Yakıt tüketim hakkında bu yazıda bahsedebileceğim çok bir şey yok, çünkü otomobilleri cidden hızlı bir tempoda kullandık. Yakıt tüketimi de haliyle 7.5-8.0 litre/100km değerleri arasında çıktı. Bu değer ilk bakışta çok gelebilir, ancak otomobilin 4x4 olduğunu ve seyrettiğimiz hızları düşününce bence başarılı bile sayılabilir. 3-4 günlük teste almadan kesin değeri söyleyebilmek mümkün değil, ancak tahminlerim CX-3'ün İstanbul özelinde karma tüketiminin 6.5-7.0 litre/100km arasında seyredeceğini yönünde... 

6 ileri oranlı ve tork konvertörlü şanzımanın vites geçişleri hızlı. Gerçekten hızlı. Şanzımanı direksiyon arkasındaki kulakçıklarla da kontrol edebiliyorsunuz.  
Fotoğrafta net çıkan Mazda logosu, Power donanımlı bir CX-3'e ait. Logo bir cam arkasına gizlenmemiş. Radar modülü ve adaptif hız sabitleme özelliği bu modelde yok. 
Basın lansmanındaki tüm otomobiller Power ya da Power Sense donanımına sahipti. Bu iki donanım arasında dış görünüşteki tek fark, Mazda ön panjurdaki Mazda logosu. Power Sense’de logonun önünde mika gibi malzeme varken, Power Sense donanımında Mazda logosu açıkta duruyor. Bu farklılığın sebebi ise, Power Sense donanımında sunulan adaptif hız sabitleme özelliğinin radar modülünün Mazda logosunun arkasına gizlenmiş olması. Volvo, Volkswagen’de açıkta duran radarları düşününce, radar modülünü en mükemmel gizleme ödülünü Mazda tasarımcılarına veriyorum. Çok yaşa KODO!

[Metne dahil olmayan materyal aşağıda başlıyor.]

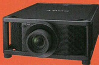
SONY VPL-VW5000ES 對比度無極限
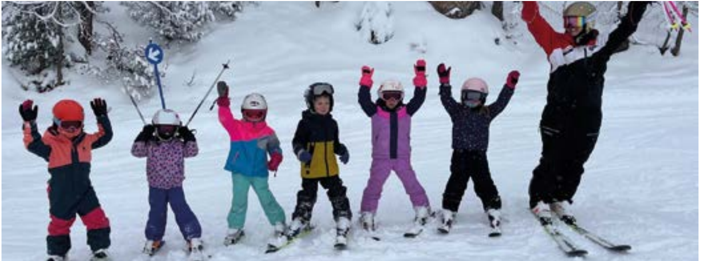
Beim traditionellen Kindergarten-Schikurs

Yazının başında da belirttiğim gibi CX-3, Mazda için gerçekten de önemli bir model. Fiyatı dahi duyurulmadan otomobil için 400 adet kapora verilmesi, CX-3’ün Türkiye’de de çok başarılı olacağının sinyallerini veriyor.

Gelelim işin en duygusal kısmına. CX-3'ün fiyatlarına. :)
  
Türkiye’ye sadece tek motor seçeneği ile satılacak olan CX-3, iki farklı aktarma seçeneği-şanzıman kombinasyonuna sahip. 4X2 önden çekişli model sadece manuel, 4x4 dört tekerlekten çekişli model sadece otomatik şanzımanla satılacak. Manuel versiyon Motion ve Reflex donanım seçeneklerine; otomatik şanzımanlı versiyon Motion, Reflex, Power ve Power Sense donanım seçeneklerine sahip olacak.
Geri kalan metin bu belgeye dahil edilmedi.